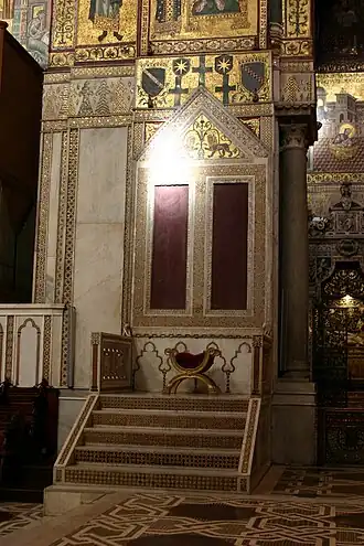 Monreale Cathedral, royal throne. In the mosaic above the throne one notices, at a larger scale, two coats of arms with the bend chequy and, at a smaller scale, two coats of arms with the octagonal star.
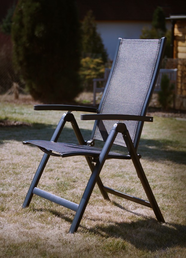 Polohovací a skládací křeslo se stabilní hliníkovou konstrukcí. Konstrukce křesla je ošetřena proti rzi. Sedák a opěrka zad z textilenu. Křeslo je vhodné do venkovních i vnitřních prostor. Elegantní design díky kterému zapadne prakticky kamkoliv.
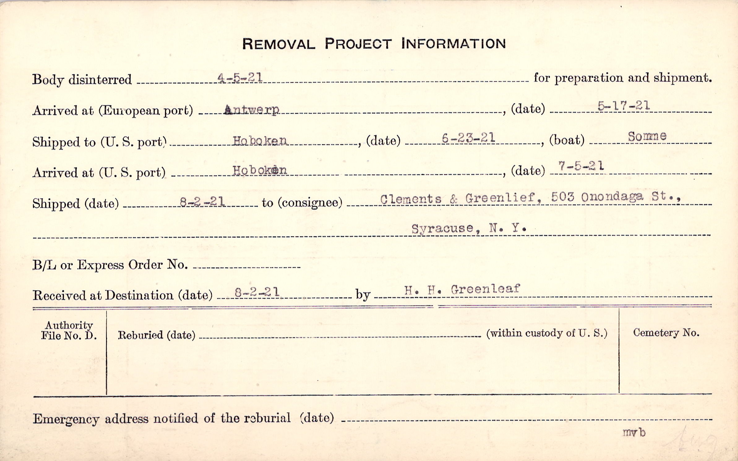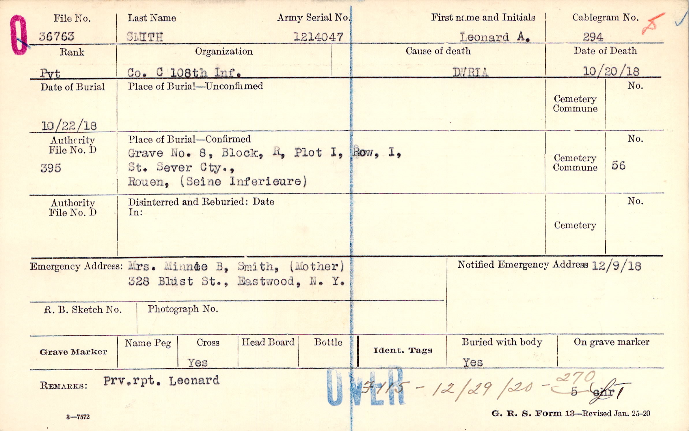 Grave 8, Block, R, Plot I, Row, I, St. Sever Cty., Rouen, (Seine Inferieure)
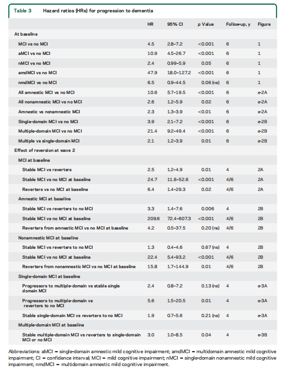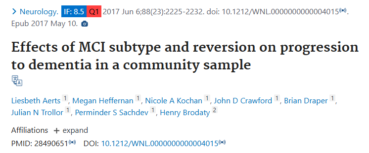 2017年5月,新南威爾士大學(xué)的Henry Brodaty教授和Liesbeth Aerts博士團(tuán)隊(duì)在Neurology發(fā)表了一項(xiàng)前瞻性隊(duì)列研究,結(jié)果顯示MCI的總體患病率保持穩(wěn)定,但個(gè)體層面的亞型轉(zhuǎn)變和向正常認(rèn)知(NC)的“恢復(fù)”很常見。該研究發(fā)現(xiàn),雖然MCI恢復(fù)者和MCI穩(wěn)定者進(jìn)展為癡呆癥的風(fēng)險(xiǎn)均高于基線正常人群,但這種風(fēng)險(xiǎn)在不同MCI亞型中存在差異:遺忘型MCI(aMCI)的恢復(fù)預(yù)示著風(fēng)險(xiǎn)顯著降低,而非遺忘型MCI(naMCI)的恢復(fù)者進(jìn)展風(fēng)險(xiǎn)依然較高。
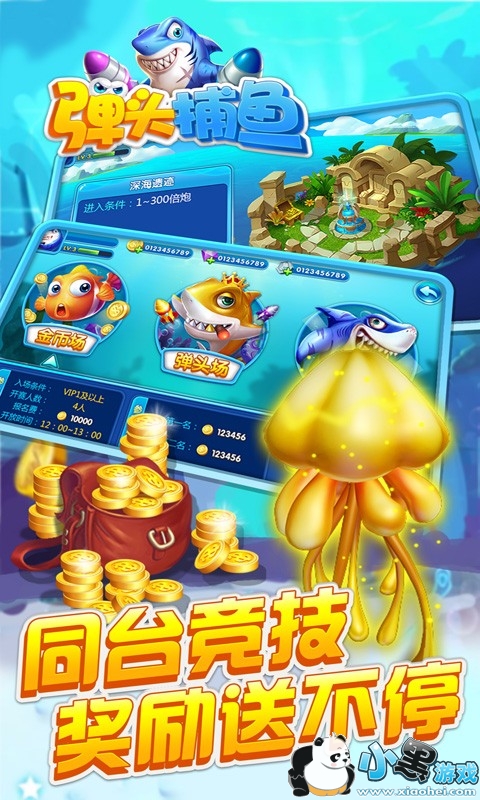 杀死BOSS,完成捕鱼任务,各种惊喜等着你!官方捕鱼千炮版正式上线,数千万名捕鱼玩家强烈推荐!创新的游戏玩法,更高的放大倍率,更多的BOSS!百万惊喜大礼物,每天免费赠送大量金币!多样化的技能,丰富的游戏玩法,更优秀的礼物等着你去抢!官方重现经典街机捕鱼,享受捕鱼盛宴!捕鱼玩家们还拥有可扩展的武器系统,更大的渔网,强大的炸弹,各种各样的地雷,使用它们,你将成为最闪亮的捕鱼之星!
...
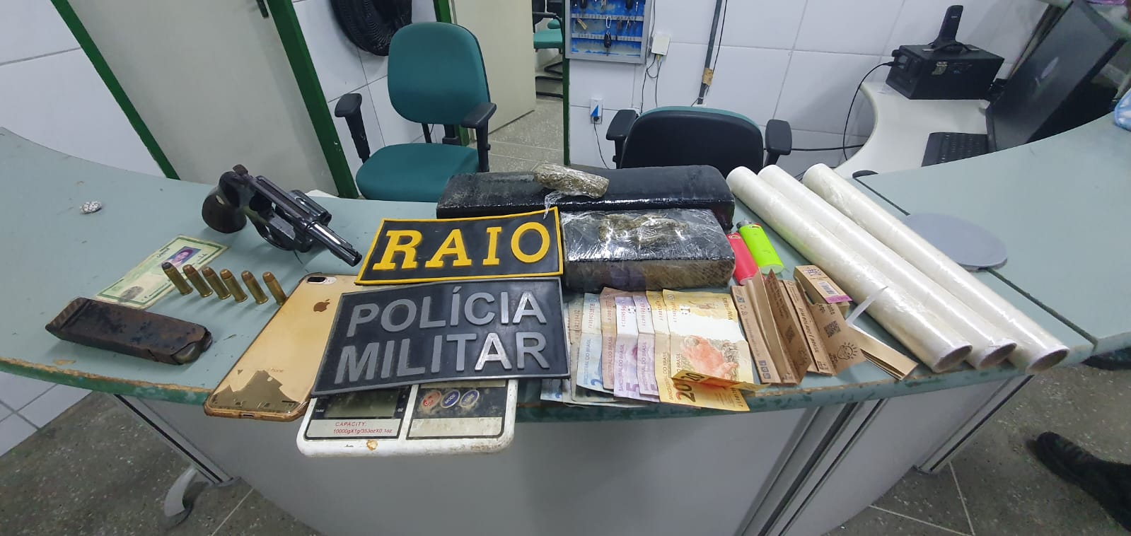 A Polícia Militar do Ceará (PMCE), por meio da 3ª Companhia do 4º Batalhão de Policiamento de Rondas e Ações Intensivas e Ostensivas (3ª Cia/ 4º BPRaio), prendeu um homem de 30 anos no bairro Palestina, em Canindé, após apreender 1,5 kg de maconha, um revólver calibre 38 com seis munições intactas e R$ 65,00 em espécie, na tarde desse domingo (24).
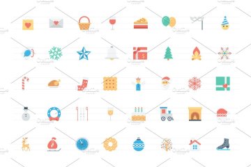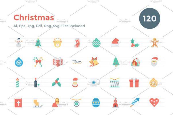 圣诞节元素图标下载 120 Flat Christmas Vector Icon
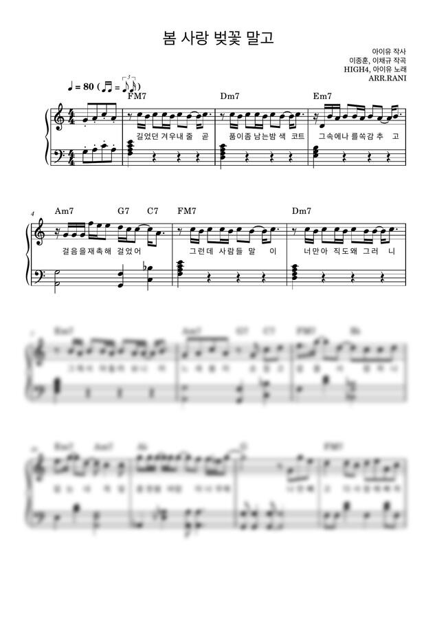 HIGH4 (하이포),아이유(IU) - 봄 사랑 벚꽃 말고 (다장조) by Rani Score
--
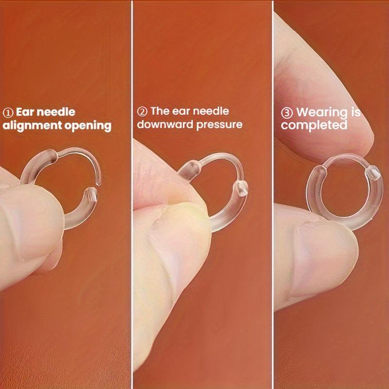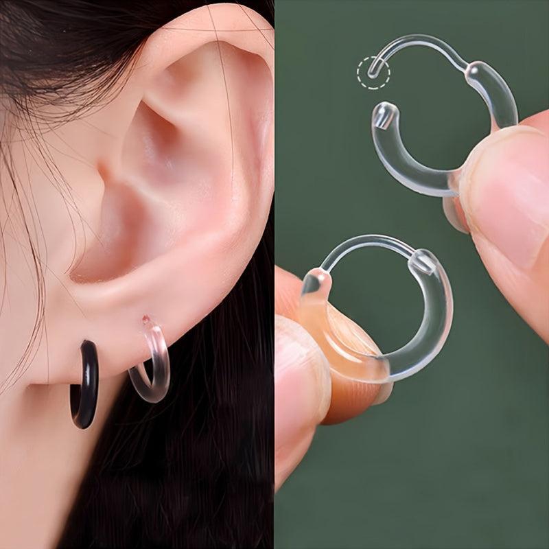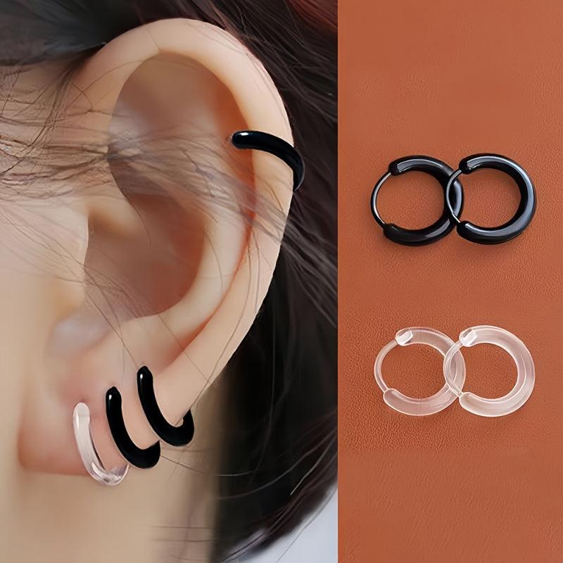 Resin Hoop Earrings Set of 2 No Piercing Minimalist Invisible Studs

What to produce:
For this exercise, reproduce exactly the lines of the records above from the one with "Polohovací a skládací" up to and including the one with "Grave 8, Block, R, Plot", without pictures.

Answer box:
 Polohovací a skládací křeslo se stabilní hliníkovou konstrukcí. Konstrukce křesla je ošetřena proti rzi. Sedák a opěrka zad z textilenu. Křeslo je vhodné do venkovních i vnitřních prostor. Elegantní design díky kterému zapadne prakticky kamkoliv.
 Grave 8, Block, R, Plot I, Row, I, St. Sever Cty., Rouen, (Seine Inferieure)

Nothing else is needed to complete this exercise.